Tonight I'm out to dinner and the movies with some girlfriends, and I'm bracing myself for the inevitable questions. I've already had a telephone conversation with my mum today discussing it, and I'm soooo over it. I just want to hear builders on the premises - even if it is at 7.30am.

The questions are inevitable because everyone knows that a) we live in a small house; b) we have two small children who are GROWING; c) they're curious; and d) they may be thinking we don't have the money to start - not the case, it's sitting there waiting to be used!

I'm going to post about this in a week's time with the notion of starting a timeline of exactly how long this is taking. Either I will be pleasantly surprised that things are moving along, or incredibly depressed that we still remain stagnant.

Thursday, July 07, 2011

Butterfly or Bear?

I keep on hearing that we human beings are social animals. So then I ask myself, why is it that I am sometimes happiest, holed away at home, existing through a day-to-day routine developed by me, and sometimes not even jutting my nose out the door? I like nothing better than to be inside with a Do Not Disturb sign affixed. Unfortunately my two littlies ignore this sign consistently.

In fact, if it wasn't for my two children I think I could spend days at a time indoors and be perfectly happy. I wasn't always like this. Or was I? This is a question I keep asking myself. Have I always been so insular?

I don't think it's particularly good to be this way, especially when you do go outside and find yourself rapidly blinking from the bright light. In fact on those days that I do make an effort I always come away with some sense of exhilaration from having had some kind of human contact. But maybe this is so, because of having days on end at home prior to venturing out of doors?

The other thing is that I'm not socially shy. I can hold my end of a conversation. I can also usually fill in the gaps left in a conversation. This then makes me think that I'm at odds with myself. Take the other day for example. The kids were dropped off at daycare and I easily spent a half hour there stopping to chat with various carers as I slowly exited the building. I always have something to say. This was followed by two chatty phone calls. Then I went and visited another mum who is recuperating from an operation. All before lunch! I was quite tired in the afternoon, consequently spending two hours watching television recordings of my choosing. I loved it. Maybe even more so than the conversations I'd had earlier in the morning.

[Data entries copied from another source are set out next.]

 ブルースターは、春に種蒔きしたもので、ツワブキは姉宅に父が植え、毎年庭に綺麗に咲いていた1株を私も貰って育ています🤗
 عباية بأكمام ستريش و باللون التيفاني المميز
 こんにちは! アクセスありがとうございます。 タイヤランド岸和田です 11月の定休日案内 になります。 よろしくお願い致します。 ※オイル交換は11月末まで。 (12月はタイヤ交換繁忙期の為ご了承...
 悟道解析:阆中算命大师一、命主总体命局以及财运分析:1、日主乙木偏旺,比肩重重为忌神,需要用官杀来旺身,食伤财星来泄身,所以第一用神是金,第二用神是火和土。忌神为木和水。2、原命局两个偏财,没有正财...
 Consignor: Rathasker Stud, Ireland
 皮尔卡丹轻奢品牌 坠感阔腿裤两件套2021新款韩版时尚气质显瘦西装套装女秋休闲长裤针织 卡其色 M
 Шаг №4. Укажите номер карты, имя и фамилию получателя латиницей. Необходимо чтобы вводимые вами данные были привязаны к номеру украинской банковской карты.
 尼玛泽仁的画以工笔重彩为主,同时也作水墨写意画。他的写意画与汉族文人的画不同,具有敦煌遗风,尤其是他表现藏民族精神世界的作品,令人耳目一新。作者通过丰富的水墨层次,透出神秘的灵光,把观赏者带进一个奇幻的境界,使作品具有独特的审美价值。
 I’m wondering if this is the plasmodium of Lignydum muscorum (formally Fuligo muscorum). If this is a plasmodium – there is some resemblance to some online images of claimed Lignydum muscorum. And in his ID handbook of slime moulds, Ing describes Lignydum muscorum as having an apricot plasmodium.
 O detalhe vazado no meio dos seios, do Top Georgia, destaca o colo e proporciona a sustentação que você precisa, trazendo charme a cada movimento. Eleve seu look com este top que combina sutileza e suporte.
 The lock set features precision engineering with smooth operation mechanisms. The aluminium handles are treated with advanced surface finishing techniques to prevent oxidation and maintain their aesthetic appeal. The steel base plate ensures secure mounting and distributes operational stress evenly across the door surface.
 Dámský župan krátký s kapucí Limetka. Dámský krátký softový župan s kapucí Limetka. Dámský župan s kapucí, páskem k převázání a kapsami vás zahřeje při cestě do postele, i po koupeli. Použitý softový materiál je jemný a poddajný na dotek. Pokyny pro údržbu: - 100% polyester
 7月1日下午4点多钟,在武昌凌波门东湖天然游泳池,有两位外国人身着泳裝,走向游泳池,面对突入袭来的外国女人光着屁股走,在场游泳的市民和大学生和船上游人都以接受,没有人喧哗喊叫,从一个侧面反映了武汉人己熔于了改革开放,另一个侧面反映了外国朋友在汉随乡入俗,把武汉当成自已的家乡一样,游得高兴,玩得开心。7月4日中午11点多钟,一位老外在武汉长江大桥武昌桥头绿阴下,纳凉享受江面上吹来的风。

So, yes, we probably are social animals at best, but I think that we also would like to be a bit like bears who hibernate through winter. All for one's sanity of course. Or at least mine.

Friday, July 01, 2011

8am! Nooooooooooooo!!!!!!!!!

I'm on semester break at the moment from uni. A few days ago semester two's timetable was released, and I'm going from a cushy two day a week - eleven to three - classes to two 8am starts. This is going to kill me!!! I have been blessed with two good sleepers. My son was sleeping through the night at four months and my daughter was three months. On our days of daycare and kinder I normally wake them up at around 7.30am. If we don't go anywhere ( I call it alarm-free days) then we wake up sometime between 8 and 9am. Yes, even with young children I get sleep-ins.

I've also had to ask for a day change at their daycare. My god it's like pulling teeth. But I wasn't taking no for an answer. Mind you, I'm still waiting for an answer! The director of the center asked me what would happen if she couldn't find them spots? I said I'd have to turn to my mum, but as she lives a half-hour away, it would prove to be difficult. Now to top it all off both my classes begin at 8am. The earliest I've ever had to be somewhere was 8.30am, and that was for my last job before having children.

I'm not looking forward to the early mornings, but who knows, maybe I will be completely turned around for the better.